Dann naht das eigentliche Wochenende. Unsere kleinen Treffen werden hektischer, wir fragen uns: Haben wir was vergessen? Ist noch etwas zu bestellen? Reichen die Flyer? Wie wird das Wetter wohl? Dieses Jahr war das Wetter richtig mies. Den Aufbau der Buden haben wir noch bei einigermaßen humanem Wetter bewerkstelligen können. Es lag zwar Schnee und es war kalt aber es war trocken. Auch hier sind wir oft Mediatoren und versuchen Unmut und Ärger unter den Ausstellern abzufangen und im Keim zu ersticken. Wir sind Puffer wenn es darum geht, dass verglichen wird, wer mehr Zeit mit dem Aufbau verbringt, wer eventuell zuerst da war oder wer etwas hinterm Rücken des anderen erzählt haben soll. Und dann ist der eigentliche Tag da. Morgens wird emsig geschmückt und die Buden werden mit Waren bestückt. Hier und da kommt noch der Schrei nach einem Hammer, einem Streifen Tesa oder nach Kordel auf. Alles an der Frau ;) Wir bauen Zelte auf, dirigieren Autos hin und her und sehen zu, dass wir den Markt annähernd pünktlich eröffnen. Dann stehen wir auf der Bühne, eröffnen gemeinsam mit dem Bezirksvorsteher den Markt und – es ist einfach schön.
Nachmittags verteilt der Nikolaus geduldig gestiftete Tüten an über 100 Kinder. Die Kinder schämen sich, freuen sich, sich niedlich, frech und eben Kinder. Das wärmt mein Herz und ich stehe stolz auf der Bühne und reiche Knecht Ruprecht die Tüten an. Ja, ich bin jetzt total erkältet und diese Woche auch froh, dass es jetzt wieder ein Jahr dauert bis zum nächsten Mal.  Ja, ich bin bescheuert und ich bin stolz drauf denn es tut mir gut.

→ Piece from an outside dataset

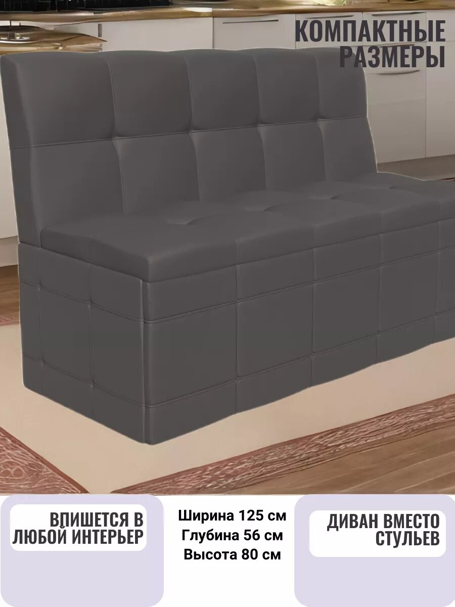 Диван кухонный K-home "Квадро", 125 см, кожзам серый интересное:

Fatja hat einen Jahresrückblick gebloggt, das hat mich nachdenken lassen über das vergangene Jahr. Einen kompletten Rückblick möchte ich nicht starten, da mich zu vieles traurig und wütend machen würde. Das Jahr war ein Arschloch. 2012 war kein Totalausfall aber ich bin wirklich froh, wenn ich es hinter mir habe. Es war nicht leichter und nicht schwerer als 2011 und doch hoffe ich, dass 2013 ein paar Herausforderungen und Überraschungen weniger für uns bereit hält und ich mal durchatmen kann. Wir haben wirklich viel geschafft und können stolz auf uns sein. Wir haben wieder zueinander gefunden und haben uns ineinander wieder gefunden. Meine lang vermisste innere Ruhe stellt sich wieder ein und mein kleiner ruhiger Brunnen endloser Kraft ist wieder zu Kurzbesuchen bereit und lässt mich auftanken wenn ich es brauche.
In diesem Jahr habe ich viel über mich und auch über andere Menschen gelernt, habe mich anderen Denkweisen geöffnet und mich selbst und meine Ansichten mehrfach kritisch auf die Probe gestellt.

Das reicht für heute und ich gehe jetzt erstmal innerlich in die Sauna, setze mich aufgeheizt, in Decken gehüllt auf eine Liege am Glaspanoramafenster und schaue in den Sturm. Ganz ruhig.